Conducting polymer (CP) has attracted considerable attention for the development of electrochemical capacitor (EC) because of its high electrochemical activity, remarkable environmental stability and low cost [1], [2], [3]. Among the CPs, polypyrrole (PPy) was considered a particularly appropriate electrode material for EC due to its better electrochemical activity in neutral (pH  7) aqueous media and lower carcinogenic risk associated with its degradation product [4], [5].

However, similar to other CPs, PPy showed instability after long-term cyclical usage because the redox sites in its backbone were not sufficiently stable during the repeated redox processes [6], [7]. Recently, several strategies, such as compositing PPy with porous carbon materials [8], [9] and doping of various ions in its microstructure [10], [11], were applied to improve the electrochemical performance of PPy-based supercapacitor. It is found that the surface morphology and the intrinsic capacitive property of PPy material were significantly depended on the polymerization method and synthesis condition [12], [13], [14], [15]. Generally, PPy film can be synthesized either by chemical method or by electrochemical polymerization [16], [17]. In comparison with the chemical method, the electrochemical polymerization method, such as galvanostatic [18], potentiostatic [19] or cyclic voltammetric [20], [21] polymerization, was considered as a simpler and more attractive technique to obtain the PPy film adhered well on the anode. Furthermore, the film thickness could be tuned by controlling the total charge passed during the deposition process.
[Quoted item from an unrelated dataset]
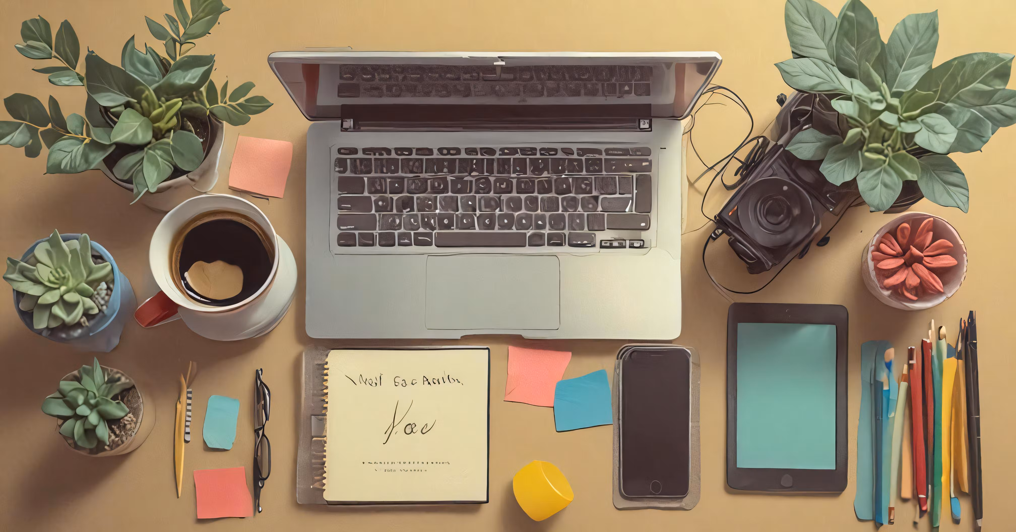 High resolution picture, free to use, an overhead view of a laptop on a desk

Recently, pulse potentiostatic method (PPM) [22], [23], [24], [25], [26] and pulse galvanostatic method (PGM) [27], [28], [29], [30] were developed. The PPy film fabricated by PPM was found to have better electrical conductivity and more excellent level of molecular anisotropy [23]. Furthermore, its surface became smoother due to the application of the pulse mode. However, a part of the electrical input was simultaneously consumed for the reduction of PPy, resulting in lower coulombic efficiency. When the PPy film was fabricated on porous carbon materials, such as graphene [25] and carbon nanotube network [26], and applied for the supercapacitor by PPM, higher specific capacitance and higher energy density were obtained owing to the higher specific surface area of the conductive matrix. On the other hand, the PPy film prepared by PGM was found to have lower defect density in the polymer structure and higher doping degree with excellent electrochemical reversibility [28]. However, the corresponding oxidation potential of the film was found to be changed with time, and the PPy film could be over-oxidized at the higher pulse peak current during the polymerization process.
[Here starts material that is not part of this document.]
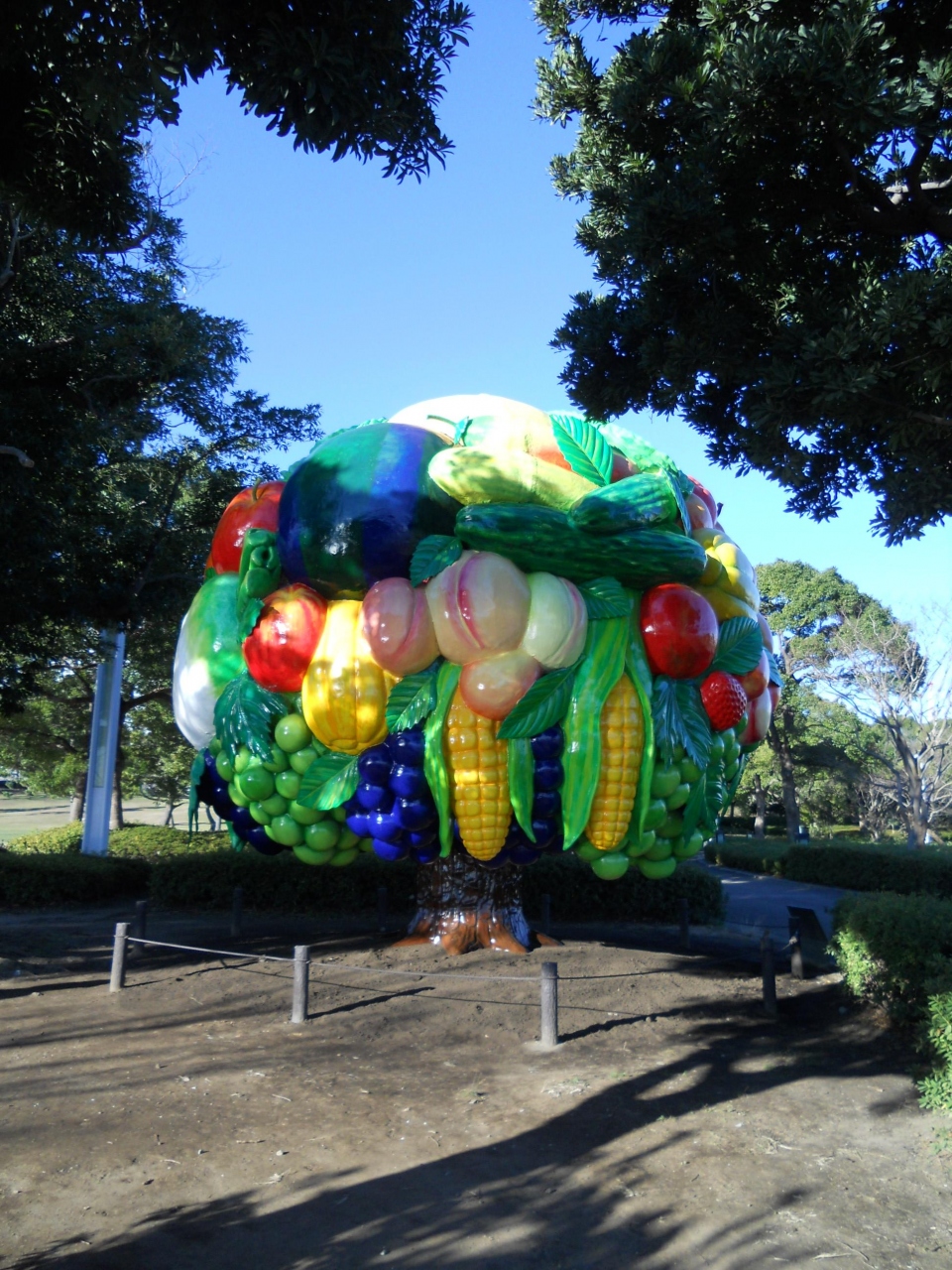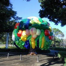 カラフルなフルーツのオブジェは緑豊かな公園の中で目立っていました。

In our previous studies, a unipolar pulse electro-deposition method, which combines the advantages of PPM and PGM, was developed for the preparation of organic and inorganic composited electroactive materials [31], [32], [33]. In this technique, an on-time period, in which a potential is fixed and current can be generated, is applied, followed by an off-time period, in which no current is allowed to flow. Using this method, inorganic NiHCF film with controllable structure [31], nanorod polyaniline (PANI) film [32] and NiHCF/CS/CNTs composite film with high electrocatalytic activity were successfully fabricated [33]. In the present study, the PPy film with high specific capacitance and excellent cycling stability in neutral solution was also prepared on platinum substrate using this unipolar pulse method; here we called it unipolar pulse electro-polymerization (UPEP) method. Microstructure, hydrophilic property and electrochemical performance of the PPy film were characterized and compared with those films prepared by potentiostatic method (PM). In order to investigate the cycling stability of the film in neutral solution, 50,000 cycles of charge/discharge were performed.

Section snippets

Materials

Pyrrole (Sigma–Aldrich) was distilled under reduced pressure and stored in nitrogen atmosphere prior to use. Other chemicals were reagent grade and used without further purification. All solutions were prepared using ultra pure water (Millipore 18.2  cm).

Electrode preparation

Electrochemical preparation and characterization of the PPy film were performed using a three-electrode system in conjunction with a VMP3 Potentiostat (Princeton, USA) operated with a computer interface using a software EC-Lab for control and

Electro-polymerization process of PPy films

The optimum operation parameters for the electrochemical polymerization of PPy employing UPEP method was found to be 0.7 V, on-time of 10 ms and off-time of 100 ms over 12,000 cycles. Fig. 1A and B shows the first 0.3 s and the last 0.6 s current density/potential-time transient curves respectively during the pulse polymerization process for the fabrication of PPy film. As shown in Fig. 1A, the initial open circuit potential (OCP) on the working electrode was approximately 0.35 V and no current

Conclusions

Highly stable PPy film was successfully synthesized by using a facile UPEP method. UPEP PPy film exhibited an ordered structure with reduced chain defects. Such a structure improved the hydrophilicity and charge transfer rate of the film. EIS measurements indicated that the UPEP PPy film provided lower impedance than the PM PPy film. The PPy films prepared by UPEP method showed a specific capacitance as high as 406.0 F g−1 at a scan rate of 5 mV s−1 and an excellent cycling stability, with only

Acknowledgements

This work was financially supported by the National Natural Science Foundation of China (No. 21276173), Natural Science Foundation of Shanxi Province (No. 2012011020-5 and 2012011006-1), International Joint Research Project of Shanxi Province (No. 2011081028) and JSPS KAKENHI Grant Number 24651066.

References (50)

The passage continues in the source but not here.